タカヒロミヤシタザソロイスト.(TAKAHIROMIYASHITATheSoloist.)がAmazon Fashion Week TOKYOに参戦。初のランウェイショー形式で、2018年春夏コレクションを2017年10月16日(月)秩父宮ラグビー場にて発表した。
テーマは「femme fatale fellow」。男性にとって運命の女性を意味する”ファム・ファタール”。これは、これまで多くの作家・アーティストが挑んできたテーマの一つだ。デザイナー宮下貴裕は、今季”ファム・ファタール”に自分を重ね、己から距離を置いた疑似的視点からファッションと向き合った。
女性目線で描かれた新作ピースは、どこか曖昧で抽象的な雰囲気が漂う。というのも、ほとんどすべてのピースは、シースルーまたはペーパーライクな軽い素材で作られたフードコートで覆われていて、詳細が露わにされていないから。
光の加減で映し出される内部からは、ライダースジャケットやテーラードジャケット、そしてメンズワードローブの定番であるシャツなど、至極男性的な装いが見られる。
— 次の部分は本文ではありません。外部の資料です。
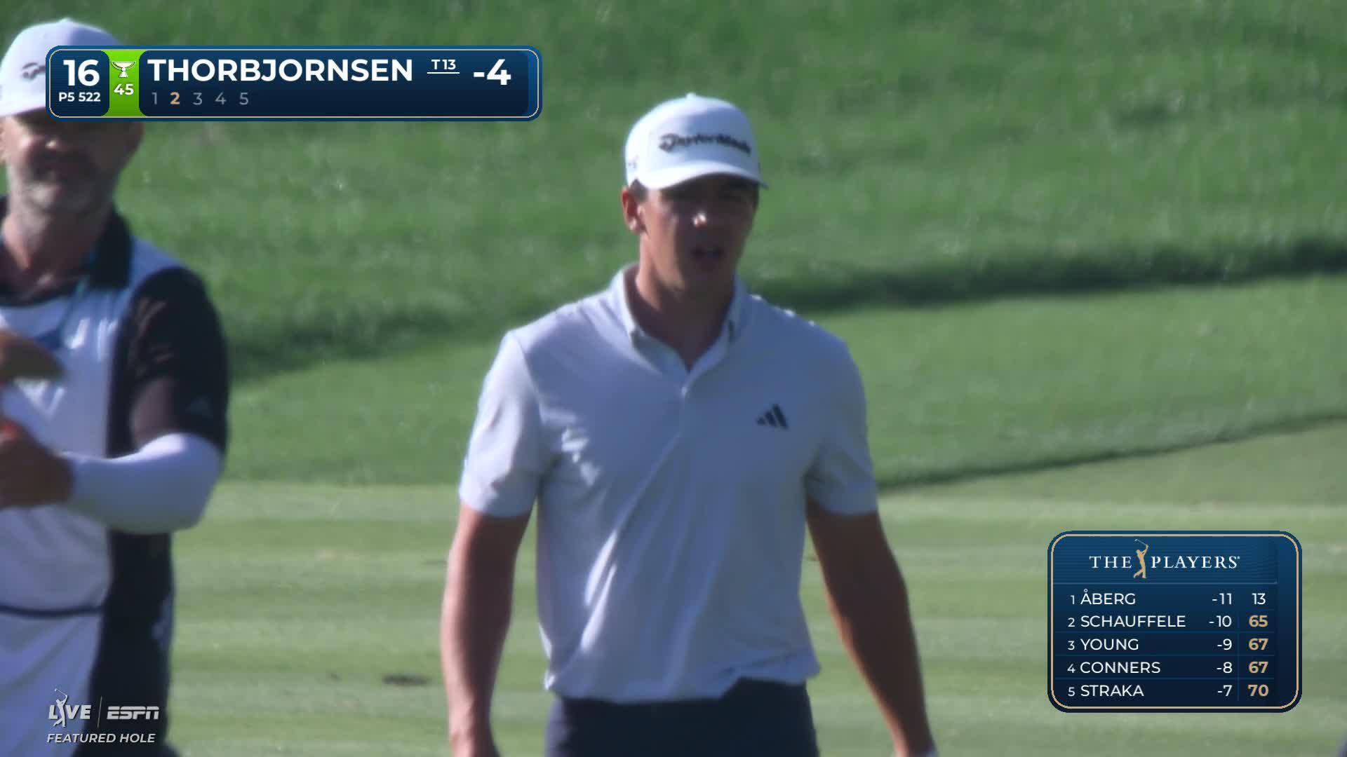 Michael Thorbjornsen taps in from 18 inches for birdie on No. 16 at THE PLAYERS
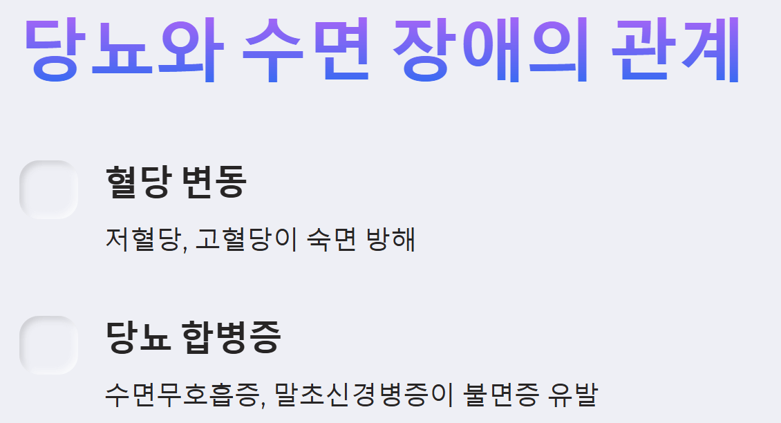 - 혈당 변동: 저혈당은 어지럼증, 발한 등을 유발하여 숙면을 방해하고, 고혈당은 잦은 야간뇨로 깊은 잠을 어렵게 합니다.

ジャケットの袖口にあしらわれたフリンジ、胸元を走る刺繍からは、タカヒロミヤシタザソロイスト.の主旋律となるウエスタンな要素が感じられ、ヨーク、ポケット部分に落とされた稲妻のモチーフがロックな精神を視覚的に表現する。
音楽――”ファム・ファタール”から見てもこれは、宮下貴裕を語る上で切り離すことの出来ないエッセンスのようで、ジャケットのアーム、パンツのサイドディテールに丁寧に音が落とし込まれている。落ち着きがありリズミカル、そんなメロディーが聞こえてきそうなほど、流れるような音符とギターたちが刺繍になって洋服のフチを彩っていく。
新しい試みとしては、フェミニニティとの共存がある。ジャケットのラペル部分に配されたメタリックカラーの刺繍、リボンモチーフのブローチ、レース素材のシャツ、そしてモデルと手をつないだぬいぐるみ。朗らかなエレメンツがメンズショーに投じられていく。ランウェイには男性と同じような装いで女性モデルも登場し、性差を超えた演出でメンズ服の豊かな可能性を物語っている。